A Non-Governmental Organisation, the Women Advocates Research and Documentation Centre (WARDC), has called on governments at all levels to provide adequate support for women farmers to make them contribute their quota to the policy of national food security.
The Executive Director of the WARDC, Dr. Abiola Akiyode-Afolabi, made the call at a capacity building workshop organised for women farmers in Osogbo, the Osun State capital.
She disclosed that women farmers have just 14 per cent holding rights on the land where they farm and therefore, have limited access to land, credit facilities, farm inputs, training and advice, technology and crop insurance, which the government is in better position to provide, but has failed to oblige them.
Dr. Akiyode-Afolabi lamented government’s neglect of women farmers despite their deep commitments to farming and enormous contributions to food production and security in Nigeria.
She advised government to motivate women farmers in actualising their dreams in farming.
According to her: “Nigerian women play important roles in food and agriculture. It has been reported that women small holder farmers constitute 70-80 per cent of agric labour force. They produce the bulk of food for domestic consumption and they are the drivers of food processing, marketing and preservation.

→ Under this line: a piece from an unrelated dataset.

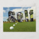 Pictured is a golf course with golf balls and a golf logo over the top that was made with a golf clubs image

“In spite of their strategic roles in food production, the government hardly focuses on supporting them. I am also calling on government to involve women in the policy-making processes in agriculture to improve their participation in government’s hunger and poverty eradication agenda.”
She lamented that most of the organisations advocating for government support for farmers were made up of male advocates who exclude women’s contributions.
Akiyode-Afolabi, said the workshop was organised to push for a parading shift from male domination and ensure that gender approaches are introduced to government’s agricultural policies and programmes.